Марина Дмитревская — Елене Вольгуст

Переписка? Ну, давай.

Конечно, после почти шести часов, проведенных в зале Александринки на «Преступлении и наказании» А. Виднянского, хочется понять, зачем читает и что вычитывает из романа этот режиссер, тяготеющий к театральной мистериальности, полифонизму, режиссер-конструктор монументальных мирозданий и метафизических сфер. Ну, не радоваться же несвежим сценическим образам — раздавленному помидору и двум расколотым арбузам, символизирующим разрубленные черепа Алены Ивановны и Лизаветы. Тем более, какие уж арбузы нам, видевшим на театральном огороде и разрубленную капусту в спектакле Камы Гинкаса?..

Собственно, каждый, знакомый с творчеством венгерского режиссера, учившегося в Киеве в 90-е, Аттилы Виднянского, заранее предполагал, направляясь под квадригу Аполлона: будут мистериальность, грохочущий полифонизм, мощь многофигурных мизансцен, десятки статистов и динамическое их движение. Все это было. То есть, как будто — без обмана. И в то же время (скажу уж сразу) это какой-то режиссерский симулякр: вроде все движется и строится именно режиссером, а в сухом остатке — никакого режиссерского высказывания, а только «образы» и «актеры Александринского театра в ролях Достоевского». Причем способ существования этих актеров такой разный, как будто работали несколько режиссеров. И где тогда она, режиссура, как создание целого — хоть мистериальная, хоть сновидческая (вероятнее всего, мы смотрим затянувшийся сон Раскольникова с распавшейся на фрагменты лошадью и черно-белым инфернальным миром). Чтобы мы поняли, что история актуальна, — где-то в толпе мелькает скафандр космонавта с надписью «СССР». Мне показалось, что он случайно залетел из спектакля Виднянского «Человек крылатый».

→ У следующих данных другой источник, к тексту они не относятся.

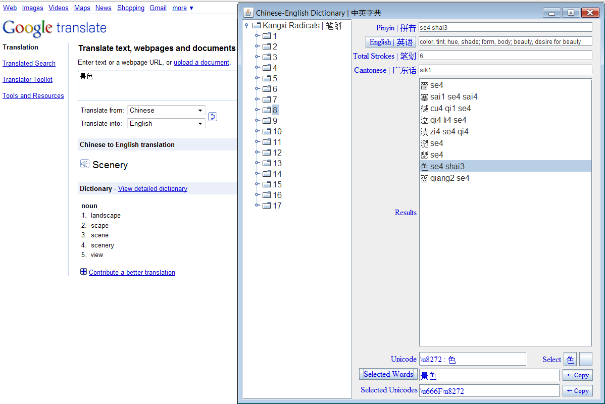 Lookup Chinese characters by English. | |||||||||

Это не первое «Преступление и наказание» в нашей жизни (не знаю, как у Виднянского), так что дружок-контекст скребется в дверь и ненавязчиво спрашивает, в какую линию встраивается интерпретация-новичок…

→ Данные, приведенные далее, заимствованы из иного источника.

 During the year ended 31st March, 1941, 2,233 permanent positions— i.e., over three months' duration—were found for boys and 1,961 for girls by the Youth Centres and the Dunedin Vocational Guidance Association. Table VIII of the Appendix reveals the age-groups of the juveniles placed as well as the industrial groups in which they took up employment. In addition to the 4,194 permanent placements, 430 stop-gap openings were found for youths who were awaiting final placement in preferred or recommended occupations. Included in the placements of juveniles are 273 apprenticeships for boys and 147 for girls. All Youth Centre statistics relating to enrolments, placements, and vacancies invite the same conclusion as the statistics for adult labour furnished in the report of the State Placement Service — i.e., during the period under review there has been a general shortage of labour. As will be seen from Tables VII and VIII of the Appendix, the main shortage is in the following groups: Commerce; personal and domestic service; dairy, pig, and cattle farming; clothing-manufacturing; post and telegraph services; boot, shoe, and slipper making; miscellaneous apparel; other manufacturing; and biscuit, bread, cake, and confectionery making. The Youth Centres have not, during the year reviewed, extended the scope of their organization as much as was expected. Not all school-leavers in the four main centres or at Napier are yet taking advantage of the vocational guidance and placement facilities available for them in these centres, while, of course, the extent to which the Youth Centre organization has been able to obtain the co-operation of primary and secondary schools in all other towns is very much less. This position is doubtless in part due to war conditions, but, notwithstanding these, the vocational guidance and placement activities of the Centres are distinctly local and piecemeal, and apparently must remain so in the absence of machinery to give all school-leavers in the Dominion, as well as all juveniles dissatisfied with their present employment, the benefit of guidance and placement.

Спектакль Ю. Завадского и Театра им. Моссовета с Г. Бортниковым, не виденный мною вживую, думаю, может понадобиться нам здесь для Раскольникова: Родион Романович А. Поламишева как будто глядит в ту же романтическую сторону, и глаза его нервически горят на бледном лице, что, правда, ровно ничего не обозначает, горят себе и горят — без глубокого содержания…

«Преступление и наказание» Театра им. Ленсовета могло бы пригодиться для умственных сравнений, скажем, двух Мармеладовых.

В. Коваленко (Порфирий Петрович), А. Поламишев (Раскольников).
Фото — архив театра.

У И. Владимирова был трагический «маленький человек» А. Равикович — у Виднянского большой, торжественный, благородный барин в несчастии, вещающий с выражением и посылом, — С. Паршин. Там ходил инфернальный, весь в себе, полубезумец Свидригайлов А. Петренко (пожалуй, именно ему наследовал через два десятилетия Д. Бульба в спектакле Г. Козлова) — тут вьется острой клоунадой — все наружу —"гитлерюгенд" Д. Лысенкова. В зорко-интеллектуальном Порфирии Е. Каменецкого не было ничего от буффона, а именно это слово в его многочисленных вариациях играет В. Коваленко… Но вот при взгляде на сегодняшнюю Соню — А. Блинову я часто вспоминала Соню Г. Никулиной: по строгости и аскетизму они родня.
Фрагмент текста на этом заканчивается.